SBIR Phase II: Microporous Carbons with Aligned Pores for Supercapacitors

SBIR 第二阶段：用于超级电容器的具有对齐孔的微孔碳

• 批准号: 1228723
• 负责人: Gene Berdichevsky
• 金额: $ 49.96万
• 依托单位: Sila Nanotechnologies Inc
• 依托单位国家: 美国
• 项目类别: Standard Grant
• 财政年份: 2012
• 资助国家: 美国
• 起止时间: 2012-08-15 至 2014-07-31
• 项目状态: 已结题
• 来源: https://www.nsf.gov/awardsearch/showAward?AWD_ID=1228723&HistoricalAwards=false
• 关键词: SBIR; Phase; II; Microporous; Carbons

This Small Business Innovation Research (SBIR) Phase II project aims to develop novel type of porous carbon materials with aligned pores for applications in electrical double-layer capacitors (EDLCs). These devices are serving multiple applications, such as smart electrical grids, hybrid-electric vehicles, energy-efficient industrial equipment and personal electronics. Conventional EDLCs store energy by adsorbing organic electrolyte ions on the internal surface of activated carbon electrodes under the application of electrical potential. They commonly take 10 to 100 seconds to charge or discharge. This charge rate is limited by the diffusion of ions inside the tortuous pores of activated carbons. The growing numbers of pulse-power applications, however, often need current boosts for only 1-10 seconds. These applications, therefore, will utilize a fraction of the energy storage capability of conventional EDLCs, which greatly increases the total weight and cost of the energy storage system, slowing down technology adoption. Herein, we propose an innovative low-cost material synthesis route for the formation of porous carbons with finely controlled microstructure, tunable pore size, high surface area, and, most importantly, aligned micropores for rapid ion transport and high power density. These materials offer a combination of fast charging rate and high specific capacitance.The broader impact/commercial potential of this project is the contribution to dramatic improvements in EDLC technology and reduction of its cost. EDLCs, unlike secondary batteries, exhibit much higher specific power and demonstrate outstanding cycle life and greatly improved safety. The use of EDLCs in transportation and industrial equipment could lead to a major reduction in energy consumption and greenhouse gas emissions. Their application in electrical grids will make multiple renewable energy technologies, such as wind and solar, more economical. The rate of adoption of this important technology could be significantly enhanced if EDLCs could be produced at a lower cost or if they offered further improved performance. These device characteristics are linked to the cost and properties of activated carbon electrodes. Unfortunately, nearly all EDLC manufacturers rely on the existing manufacturers of activated carbon. The expected improvements in material properties from this Phase II project are expected to have a major impact on the EDLC market size and the EDLC technology adoption.

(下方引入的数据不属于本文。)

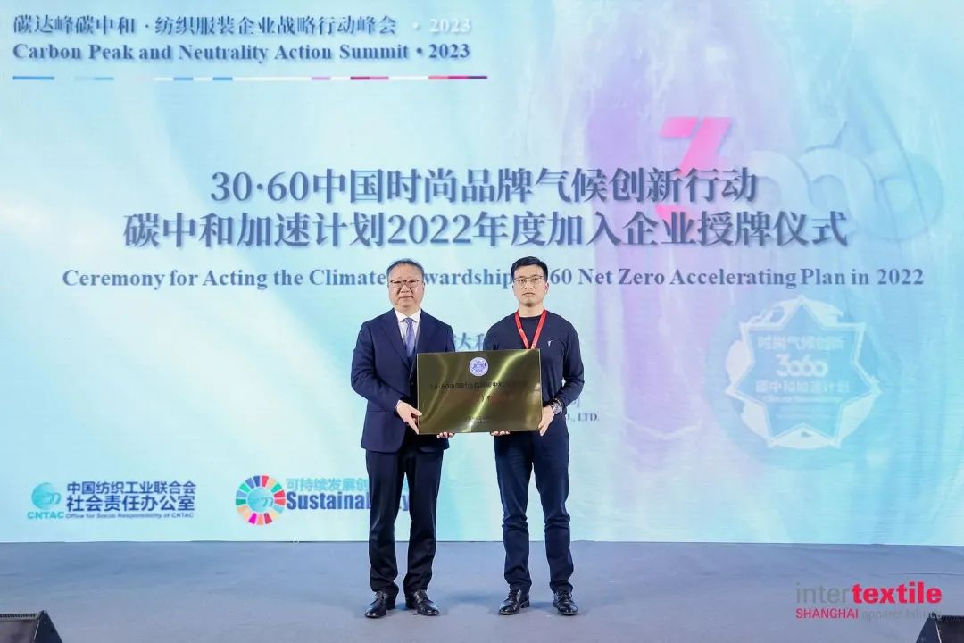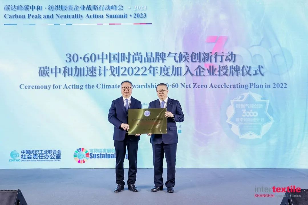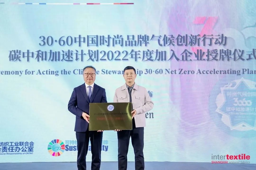 會(huì)上舉行了30·60中國時(shí)尚品牌氣候創(chuàng)新行動(dòng)碳中和加速計(jì)劃2022年度加入企業(yè)授牌儀式。孫瑞哲為鄂爾多斯、卡賓服飾、達(dá)利中國、廣東兆天的企業(yè)代表頒發(fā)牌匾。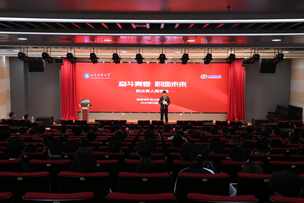 5月9日,为深入学习贯彻党的二十大精神,落实党中央、国务院、山东省委、省政府以及h视频 关于促进高校毕业生就业的决策部署,引领学生科学开展职业生涯规划,h视频 邀请山东能源集团柳研青、白昌赫和李进三位优秀校友代表来校举办专题报告会。h视频 辅导员宗彩建主持,采矿工程专业全体同学参加。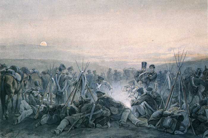 Juliusz Kossak (Wiśnicz 1824 - Kraków 1899) - malarz i ilustrator - był jednym z najpopularniejszych artystów polskich 2. połowy XIX wieku. Naukę rysunku i malarstwa rozpoczął we lwowskiej pracowni Jana Maszkowskiego; później wiele rysował z natury odwiedzając majątki szlacheckie na Ukrainie, Podolu i Wołyniu. W roku 1852 był w Wiedniu, na Węgrzech i w Petersburgu, a następnie zamieszkał na stałe w Warszawie. Lata 1856-1860 spędził w Paryżu, gdzie przyjaźnił się z Horacem Vernetem. Powróciwszy do Warszawy w latach 1862-1868 był kierownikiem artystycznym „Tygodnika Ilustrowanego”. W roku 1869 przeniósł się na stałe do Krakowa, skąd wyjeżdżał jeszcze do Monachium, by malować w atelier batalisty Franza Adama. Kossak był przede wszystkim znakomitym akwarelistą; rzadziej posługiwał się techniką olejną. Malował obrazy historyczne i batalistyczne, sceny rodzajowe ilustrujące życie i tradycje dworu szlacheckiego oraz obyczaje polskiego ludu. Ale prawdziwymi bohaterami jego obrazów były konie, których ruch, temperament, charakter i indywidualność potrafił po mistrzowsku przedstawić. Był także autorem wielu ilustracji do czasopism i książek, trafiającym bezbłędnie tak w klimat utworów literackich, jak i w tęsknoty i potrzeby odbiorców - czytelników Pieśni o ziemi naszej Wincentego Pola, Trylogii Henryka Sienkiewicza, Pana Tadeusza i poematów Adama Mickiewicza.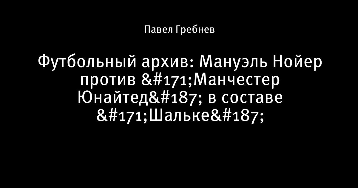 16 февраля 2016, 15:04 Футбольный архив: Мануэль Нойер против «Манчестер Юнайтед» в составе «Шальке» 1 Автор Павел Гребнев Этот пост опубликован в блоге на Трибуне Sports.ru. Присоединяйтесь к крупнейшему сообществу спортивных болельщиков! Другие посты блога Эстетика футбола Шальке Бавария Лига чемпионов УЕФА Мануэль Нойер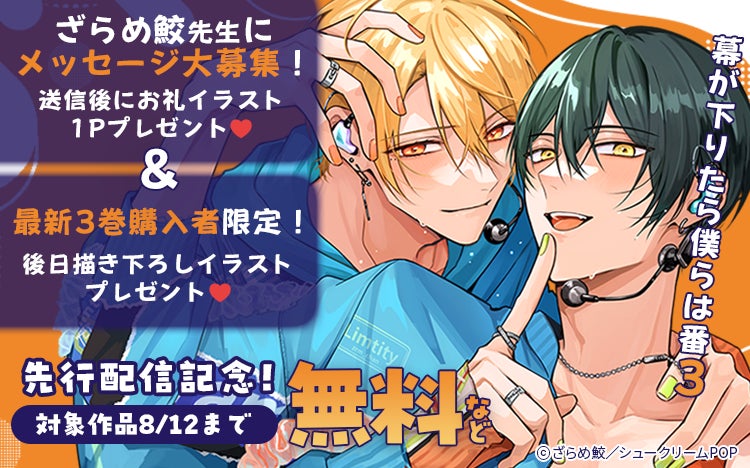 【Renta!】協業レーベル、シュークリームPOP作品『幕が下りたら僕らは番』単行本3巻の独占先行配信に合わせた、Renta!限定描き下ろしイラストプレゼントキャンペーンを実施!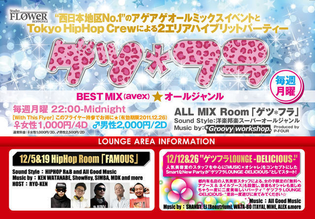 管理人様、告知失礼致します。 平日にも関わらず毎回、300人規模で盛り上がっているBIG PARTY♪ 「月曜フラワー」の略して、 『ゲツ☆フラ』新イベントは超おトク♪!!!! 毎回こんな感じで盛り上がってます♪ (http://www.youtube.com/watch?v=RAp3neQNiug&feature=player_embedded) そして、10/31の月曜日に行われたゲツ☆フラ・ハロウィンスペシャルでは、1000人規模でのこの盛り上がりがコチラ!! (http://www.youtube.com/watch?v=SW5OFQz5iOc&feature=player_embedded) これが『ゲツ☆フラ』の盛り上がりです!!!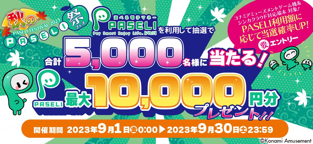 株式会社コナミアミューズメントは、KONAMIが運営する"遊べる電子マネー"「PASELI(パセリ)」を利用すると、抽選で「PASELI」のチャージコードが当たる「秋のPASELI祭2023(あきのぱせりふぇす2023)」を9月1日(金)から開始したことをお知らせします。

该小型企业创新研究（SBIR）第二阶段项目旨在开发新型多孔碳材料，具有对齐的孔，用于双电层电容器（EDLC）。这些设备服务于多种应用，如智能电网，混合动力汽车，节能工业设备和个人电子产品。传统的EDLC通过在施加电势的情况下将有机电解质离子吸附在活性炭电极的内表面上来存储能量。充电或放电通常需要10到100秒。该充电速率受到活性炭的曲折孔内的离子扩散的限制。然而，越来越多的脉冲功率应用通常只需要1-10秒的电流提升。因此，这些应用将利用传统EDLC的能量存储能力的一小部分，这大大增加了能量存储系统的总重量和成本，减缓了技术的采用。在此，我们提出了一种创新的低成本材料合成路线，用于形成具有精细控制的微观结构，可调孔径，高表面积，最重要的是，对齐的微孔，用于快速离子传输和高功率密度的多孔碳。这些材料提供了快速充电速率和高比电容的组合。该项目更广泛的影响/商业潜力是对EDLC技术的显著改进和成本降低的贡献。 与二次电池不同，EDLC表现出更高的比功率，并表现出出色的循环寿命和大大提高的安全性。在运输和工业设备中使用EDLC可以大大减少能源消耗和温室气体排放。它们在电网中的应用将使风能和太阳能等多种可再生能源技术变得更加经济。 如果EDLC能够以较低的成本生产，或者如果它们提供进一步改进的性能，则可以显著提高这一重要技术的采用率。这些设备特性与活性炭电极的成本和性能有关。不幸的是，几乎所有的EDLC制造商都依赖于现有的活性炭制造商。该第二阶段项目的材料性能预期改善预计将对EDLC市场规模和EDLC技术的采用产生重大影响。